- **Assignment**
In the listing, locate the line containing "Am Freitag gab", then quote it and all following lines exactly. Omit pictures.

- **Supplied material**

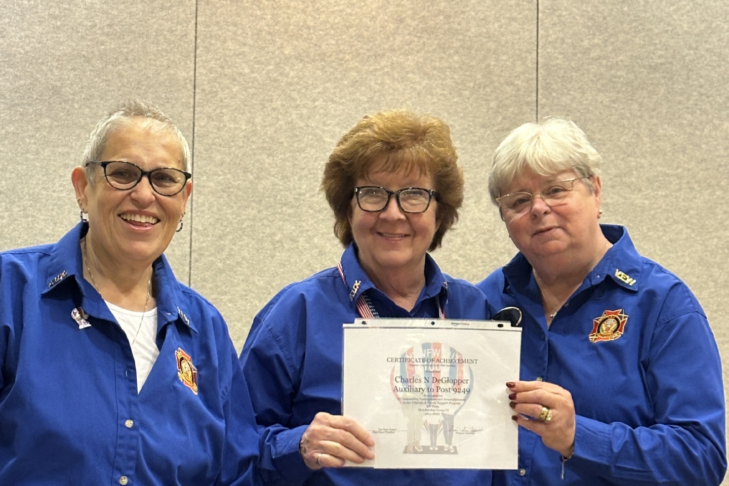 10-16-2025: The new 2026 National Podium Edition Bylaws and Ritual has been to MALTA. You can find the link under the Resources tab or you can also click HERE.10-12-2025: The entire 2025-2026 Program Guidebook is now available for download. Click HERE. Or visit the general Program page by clicking HERE.10-12-2025: New pictures have been added to the Gallery from the 2025 Department Fall Conference. Take a look HERE.8-24-2025: New pictures have been added to the Gallery from the VFW Auxiliary National Convention, Columbus, OH. Click HERE for the Gallery.8-21-2025: Fall Conference information is now available. Click HERE.7-27-2025: Pictures from the 2025 OMTI have been posted in the Gallery. Take a look HERE.6-26-2025: Department Convention pictures have been added to the gallery - click HERE.6-20-2025: The Joint Department Homecoming for Commander Jim MacArthur and President Justine Robles is scheduled for August 23 at VFW Post 9593. View the flyer and details HERE.6-8-2025: Marcus Morton, 1st Place Patriots Pen winner at VFW Post 8647, receives local and national recognition for his essay and selfless actions thereafter. Read the whole story HERE.5-23-2025: A new Auxiliaries in Action article has been posted. District 6 dedicates a Veteran Memorial, click HERE.5-20-2025: New pictures from the April 2025 MOCA Convention have been added to the Gallery, click HERE.5-7-2025: New pictures have been added to the Gallery: Gold Star Tea, click HERE and Aux 2064 50th Anniversary, click HERE.
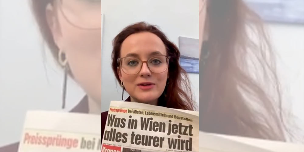 Am Freitag gab es nun einen neuen „Video-Hit“ der ÖVP-Generalsekretärin. Diesmal ging es um „unsere kleinen Pensionisten“. Sachslehner, mit einer Kronen Zeitung ausgestattet, beklagte sich diesmal über die Wiener Stadtregierung. Mit der prangernden Überschrift „Was in Wien alles teurer wird“ verwies Sachslehner darauf: „Solche Nachrichten zeigen uns, dass es nicht reicht, sich überall sozial draufzuschreiben. Das bringt nämlich unseren kleinen Pensionisten in Wien gar nichts.“
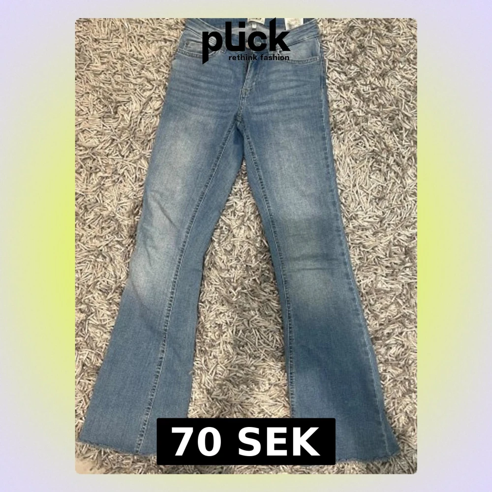 Säljer ett par ljusblå bootcut jeans från ONLY med klassisk femficksdesign och rå kant längst ner. Jeansen har låg midja och är tillverkade i mjukt denim-material med lätt tvättad look. Storlek xs/30 passar någon under 160 cm lång

- **Problem solution**
 Am Freitag gab es nun einen neuen „Video-Hit“ der ÖVP-Generalsekretärin. Diesmal ging es um „unsere kleinen Pensionisten“. Sachslehner, mit einer Kronen Zeitung ausgestattet, beklagte sich diesmal über die Wiener Stadtregierung. Mit der prangernden Überschrift „Was in Wien alles teurer wird“ verwies Sachslehner darauf: „Solche Nachrichten zeigen uns, dass es nicht reicht, sich überall sozial draufzuschreiben. Das bringt nämlich unseren kleinen Pensionisten in Wien gar nichts.“
 Säljer ett par ljusblå bootcut jeans från ONLY med klassisk femficksdesign och rå kant längst ner. Jeansen har låg midja och är tillverkade i mjukt denim-material med lätt tvättad look. Storlek xs/30 passar någon under 160 cm lång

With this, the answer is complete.